More examples (parallel runs, dataset streaming, Langfuse logging, Phoenix dataset sync, prompt manifest diffs, etc.) live in the [User Guide](docs/guides/USER_GUIDE.md).

---

## Run Modes (Simple vs Full)

EvalVault exposes two presets so beginners can execute an evaluation with a single command while advanced users retain every flag.

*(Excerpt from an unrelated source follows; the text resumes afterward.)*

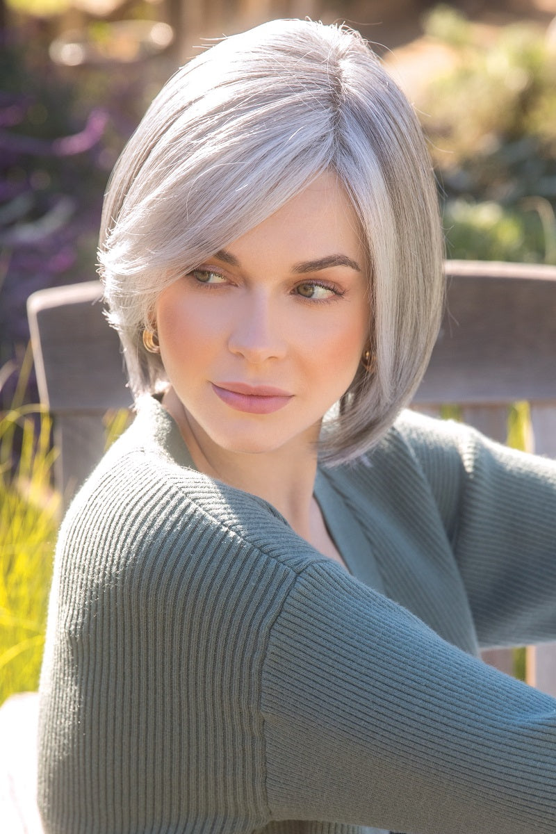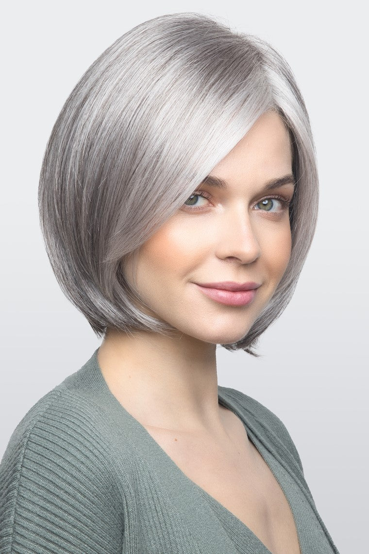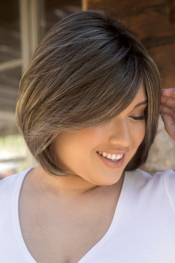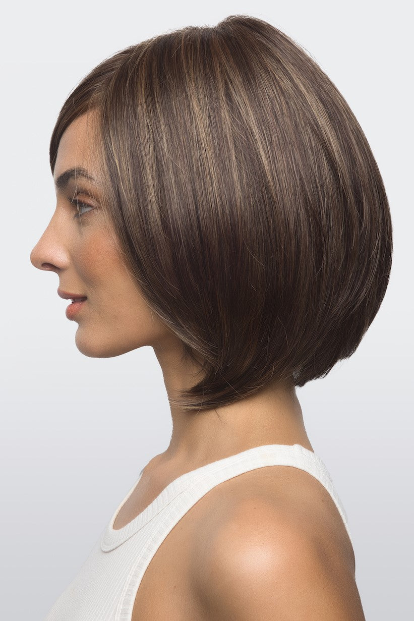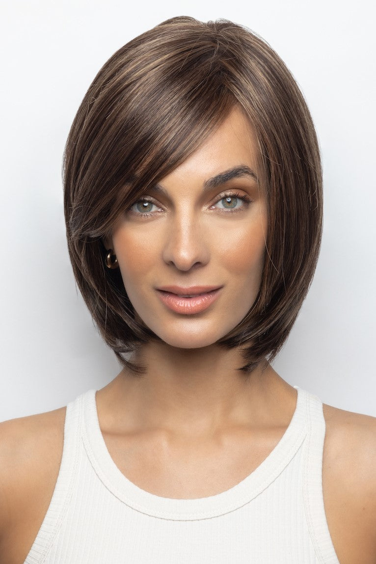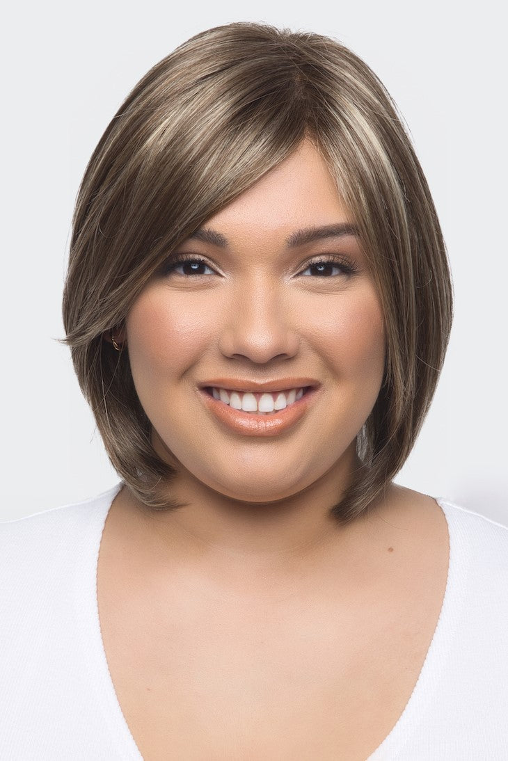 Sybil from our Amore Collection is a short length synthetic wig. This straight ready-to-wear wig is a sophisticated long layered bob. If you are wanting a long side fringe with enhancing layers that shape and highlight your cheekbones. Sybil is the style for you. Discover comfort and beauty in the newest Advanced Lace Cap. Sybil's cap features hand tied plus double monofilament cap construction along with an extended lace front. Its hand-tied wig is constructed by carefully stitching each hair fiber strand by strand. This meticulous design produces a lighter. more comfortable wig. The lace front is a hairline fusion technology with minimal lace front for a natural look. You will feel cool and comfortable with superior air circulation provided by this technologically advanced cap design.

| Mode | Shortcut | Preset | Ideal for |
|------|----------|--------|-----------|
| **Simple** | `uv run evalvault run --mode simple DATASET.json`<br>`uv run evalvault run-simple DATASET.json` | Locks `faithfulness,answer_relevancy`, forces Phoenix tracking, hides Domain Memory & prompt manifest knobs. | First run, demos, non-experts |
| **Full** | `uv run evalvault run --mode full DATASET.json`<br>`uv run evalvault run-full DATASET.json` | Restores every advanced option (Domain Memory, Phoenix dataset/experiment sync, streaming, prompt manifests). | Power users, CI/CD gate, observability-heavy runs |

```bash
# Simple mode (dataset + optional profile only)
uv run evalvault run-simple tests/fixtures/e2e/insurance_qa_korean.json -p dev

# Full mode with Phoenix + Domain Memory extras
uv run evalvault run-full tests/fixtures/e2e/insurance_qa_korean.json \
  --profile prod \
  --tracker phoenix \
  --phoenix-dataset insurance-qa-ko \
  --phoenix-experiment gemma3-prod \
  --use-domain-memory --memory-domain insurance --augment-context
```

- `uv run evalvault history --mode simple` (or `full`) keeps CLI reports focused.
- The Web UI includes the same mode toggle and surfaces a "Mode" pill on Reports to make comparisons obvious.

---

## Supported Metrics (Ragas 0.4.x)

| Metric | Description |
|--------|-------------|
| `faithfulness` | How well the answer is grounded in the provided context |
| `answer_relevancy` | How relevant the answer is to the question |
| `context_precision` | Precision of the retrieved context |
| `context_recall` | Recall of the retrieved context |
| `factual_correctness` | Factual accuracy compared to ground truth |
| `semantic_similarity` | Semantic similarity between answer and ground truth |

---

## Documentation
- [User Guide](docs/guides/USER_GUIDE.md): installation, configuration, CLI recipes, Web UI, Phoenix, automation.
- [Architecture](docs/architecture/ARCHITECTURE.md) & [C4 Diagram](docs/internal/reference/ARCHITECTURE_C4.md): design details.
- [CHANGELOG](CHANGELOG.md) for release history.

---

## Contributing

PRs are welcome! Please read [CONTRIBUTING.md](CONTRIBUTING.md) and run `uv run ruff check` + `uv run pytest` before submitting.

---

## License

EvalVault is licensed under the [Apache 2.0](LICENSE.md) license.